PROBLEM STATEMENT »
Below this line are records; transcribe exactly the lines between the one holding "(서울=뉴스1) 유승관 기자" and the one holding "Criteries : Βάρος", inclusive, and omit the pictures.
--- PROVIDED MATERIAL Enclosed Below ---
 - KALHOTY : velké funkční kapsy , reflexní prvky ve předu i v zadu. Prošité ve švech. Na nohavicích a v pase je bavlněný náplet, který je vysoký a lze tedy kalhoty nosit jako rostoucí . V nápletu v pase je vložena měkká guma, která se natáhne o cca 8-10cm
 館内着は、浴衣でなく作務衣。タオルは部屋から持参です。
--- End of Enclosed PROVIDED MATERIAL ---
--- PROVIDED MATERIAL Enclosed Below ---
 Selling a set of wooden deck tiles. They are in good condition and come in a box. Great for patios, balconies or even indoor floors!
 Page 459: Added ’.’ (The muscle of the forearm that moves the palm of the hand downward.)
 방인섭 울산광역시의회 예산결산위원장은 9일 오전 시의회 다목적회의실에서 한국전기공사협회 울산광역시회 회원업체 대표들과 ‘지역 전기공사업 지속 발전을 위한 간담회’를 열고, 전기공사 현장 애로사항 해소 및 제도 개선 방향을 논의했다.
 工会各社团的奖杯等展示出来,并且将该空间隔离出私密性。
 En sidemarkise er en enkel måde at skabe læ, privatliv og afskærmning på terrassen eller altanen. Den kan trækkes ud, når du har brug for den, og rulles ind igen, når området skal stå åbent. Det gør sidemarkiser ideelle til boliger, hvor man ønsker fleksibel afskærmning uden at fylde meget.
--- End of Enclosed PROVIDED MATERIAL ---
--- PROVIDED MATERIAL Enclosed Below ---
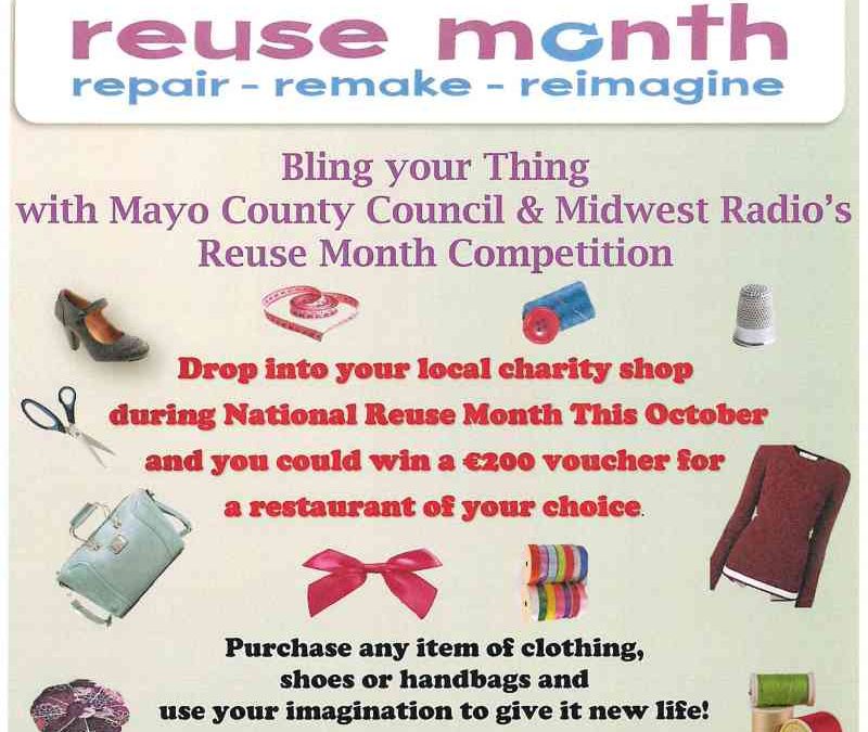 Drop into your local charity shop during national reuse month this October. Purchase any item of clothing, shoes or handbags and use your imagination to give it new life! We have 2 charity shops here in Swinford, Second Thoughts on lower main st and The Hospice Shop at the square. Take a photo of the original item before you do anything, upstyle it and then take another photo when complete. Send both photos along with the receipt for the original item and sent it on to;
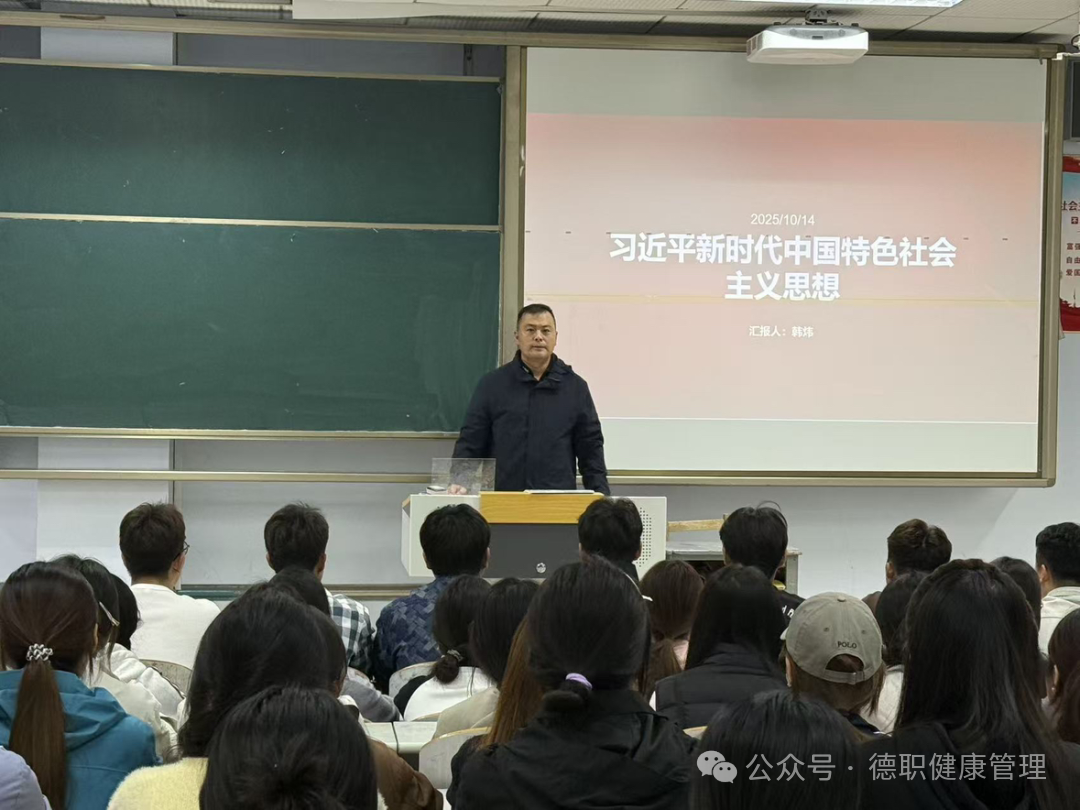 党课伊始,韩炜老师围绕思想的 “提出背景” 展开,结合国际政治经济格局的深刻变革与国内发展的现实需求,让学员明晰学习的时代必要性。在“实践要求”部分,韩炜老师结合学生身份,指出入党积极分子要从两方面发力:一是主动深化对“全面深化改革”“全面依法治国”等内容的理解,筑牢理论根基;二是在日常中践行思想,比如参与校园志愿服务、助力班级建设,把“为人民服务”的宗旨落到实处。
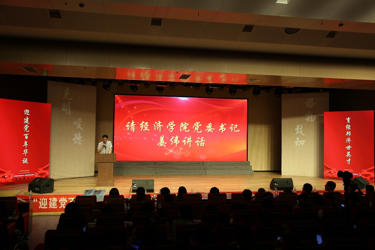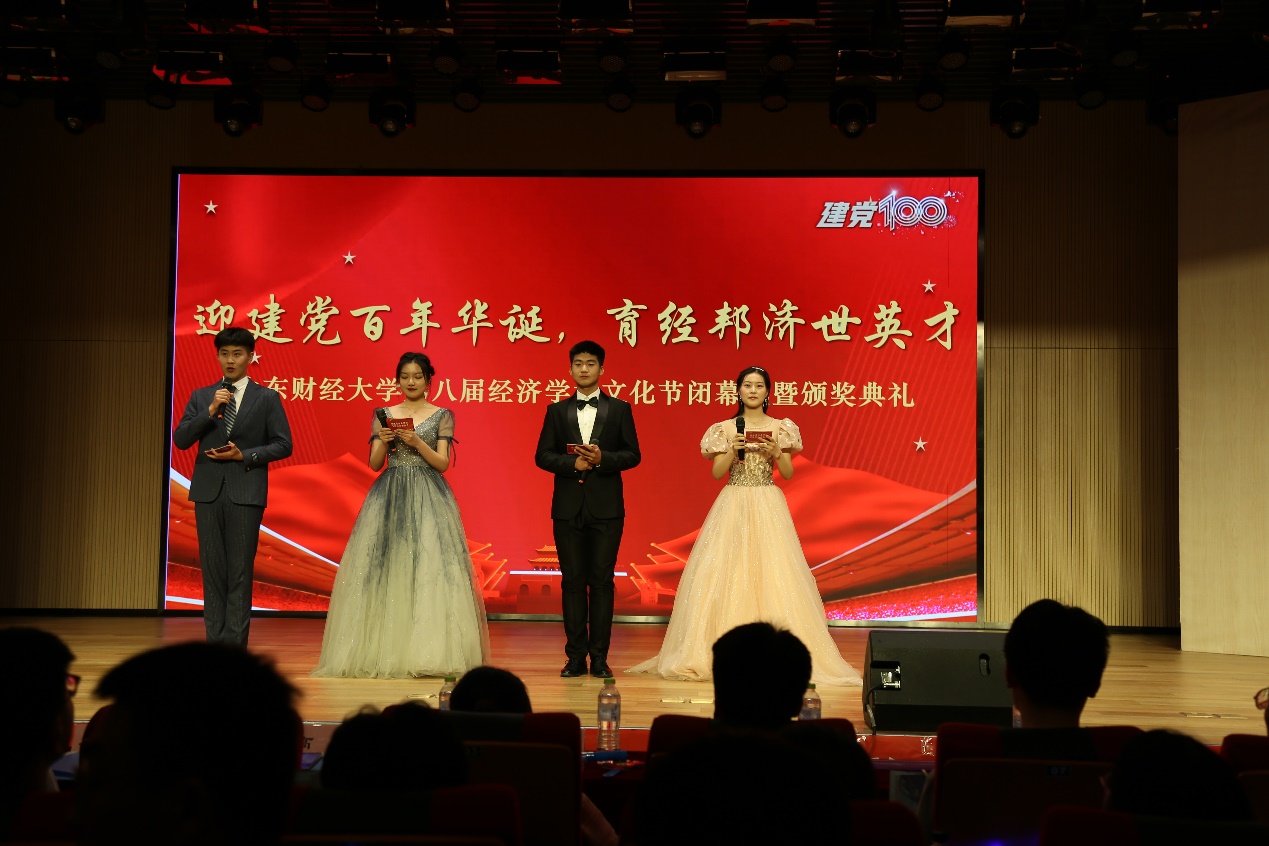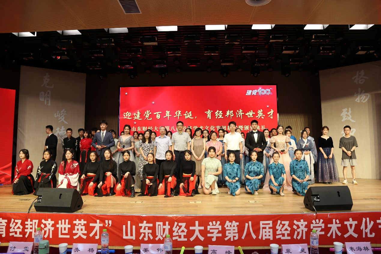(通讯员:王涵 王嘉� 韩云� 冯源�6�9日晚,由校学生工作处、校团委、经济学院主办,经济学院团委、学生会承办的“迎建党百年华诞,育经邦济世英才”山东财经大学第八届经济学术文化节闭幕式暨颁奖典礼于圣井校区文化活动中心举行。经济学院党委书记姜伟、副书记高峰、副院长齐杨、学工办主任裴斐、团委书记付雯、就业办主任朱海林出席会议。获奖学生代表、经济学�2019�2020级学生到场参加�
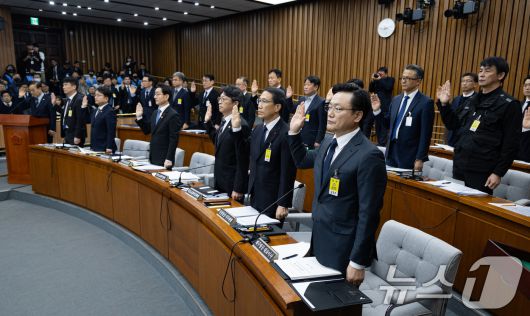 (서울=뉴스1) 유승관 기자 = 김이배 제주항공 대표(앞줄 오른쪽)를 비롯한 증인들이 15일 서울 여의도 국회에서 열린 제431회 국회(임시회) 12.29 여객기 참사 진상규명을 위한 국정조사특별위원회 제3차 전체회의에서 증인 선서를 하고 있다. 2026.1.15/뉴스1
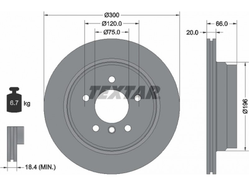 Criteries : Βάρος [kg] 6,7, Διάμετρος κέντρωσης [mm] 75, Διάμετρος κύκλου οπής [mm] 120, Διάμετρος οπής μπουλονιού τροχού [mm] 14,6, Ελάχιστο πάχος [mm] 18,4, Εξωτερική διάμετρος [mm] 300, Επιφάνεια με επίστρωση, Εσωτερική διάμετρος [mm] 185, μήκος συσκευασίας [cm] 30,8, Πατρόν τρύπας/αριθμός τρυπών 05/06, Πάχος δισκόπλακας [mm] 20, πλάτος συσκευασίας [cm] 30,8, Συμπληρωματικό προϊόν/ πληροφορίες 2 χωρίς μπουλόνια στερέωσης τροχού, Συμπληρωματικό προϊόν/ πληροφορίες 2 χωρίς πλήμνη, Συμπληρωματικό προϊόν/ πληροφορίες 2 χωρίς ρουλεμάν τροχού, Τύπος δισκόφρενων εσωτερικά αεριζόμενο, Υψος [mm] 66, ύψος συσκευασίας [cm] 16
--- End of Enclosed PROVIDED MATERIAL ---
FINISHED EXERCISE »
 (서울=뉴스1) 유승관 기자 = 김이배 제주항공 대표(앞줄 오른쪽)를 비롯한 증인들이 15일 서울 여의도 국회에서 열린 제431회 국회(임시회) 12.29 여객기 참사 진상규명을 위한 국정조사특별위원회 제3차 전체회의에서 증인 선서를 하고 있다. 2026.1.15/뉴스1
 Criteries : Βάρος [kg] 6,7, Διάμετρος κέντρωσης [mm] 75, Διάμετρος κύκλου οπής [mm] 120, Διάμετρος οπής μπουλονιού τροχού [mm] 14,6, Ελάχιστο πάχος [mm] 18,4, Εξωτερική διάμετρος [mm] 300, Επιφάνεια με επίστρωση, Εσωτερική διάμετρος [mm] 185, μήκος συσκευασίας [cm] 30,8, Πατρόν τρύπας/αριθμός τρυπών 05/06, Πάχος δισκόπλακας [mm] 20, πλάτος συσκευασίας [cm] 30,8, Συμπληρωματικό προϊόν/ πληροφορίες 2 χωρίς μπουλόνια στερέωσης τροχού, Συμπληρωματικό προϊόν/ πληροφορίες 2 χωρίς πλήμνη, Συμπληρωματικό προϊόν/ πληροφορίες 2 χωρίς ρουλεμάν τροχού, Τύπος δισκόφρενων εσωτερικά αεριζόμενο, Υψος [mm] 66, ύψος συσκευασίας [cm] 16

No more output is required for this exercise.